Futures prices are most volatile in the first week of the group stage. A team that drops its opener sees its outright price lengthen immediately, while a dark horse that wins its first two shortens fast. If you’re planning to bet futures, have your targets and price thresholds set before the tournament kicks off.
Where to bet on the 2026 FIFA World Cup in Canada
We’ve got World Cup 2026 markets in CAD, including outright futures, group-stage bets, knockout-round markets, and player props. No currency conversion, no guesswork about whether your operator is licensed for Canadian bettors.
FAQs
Does extra time count for World Cup bets?
Depends on the market. The standard three-way moneyline (match result) settles on 90 minutes only. “To Advance” markets include extra time and penalties. Total goals and anytime goalscorer include extra time but exclude penalty-shootout goals. Always check the specific market description before placing your bet.

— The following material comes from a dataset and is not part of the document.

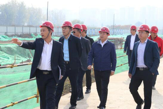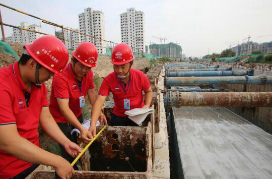 2、中鐵十八局集團(tuán)總經(jīng)理閆廣天、副總經(jīng)理陳建民、三公司津冀工程項(xiàng)目管理部經(jīng)理王海偉、寶坻管廊項(xiàng)目部項(xiàng)目經(jīng)理李賢松等在現(xiàn)場辦公( 周文婷 攝)

How many teams qualify from each group at the 2026 FIFA World Cup?
Top two from each of the 12 groups advance automatically, plus the eight best third-place teams across all groups. That’s 32 of the 48 teams reaching the knockout stage.
Do penalty-shootout goals count toward total goals bets?
No. At virtually all major sportsbooks, penalty-shootout goals are excluded from total goals (over/under), BTTS, anytime goalscorer, and correct score markets. Only goals scored in regulation and extra time count.
What is the Round of 32 at the 2026 World Cup?
It’s a new knockout stage introduced for 2026 because of the expanded 48-team format. Runs June 28 through July 3, with 16 single-elimination matches. The 32 qualifiers from the group stage play down to 16 before the traditional Round of 16 begins.
Can Canadians bet on individual FIFA World Cup matches?
Yes. Single-event sports betting is legal, so you can bet on individual World Cup matches, not just parlays, through regulated sportsbooks like Sports Interaction.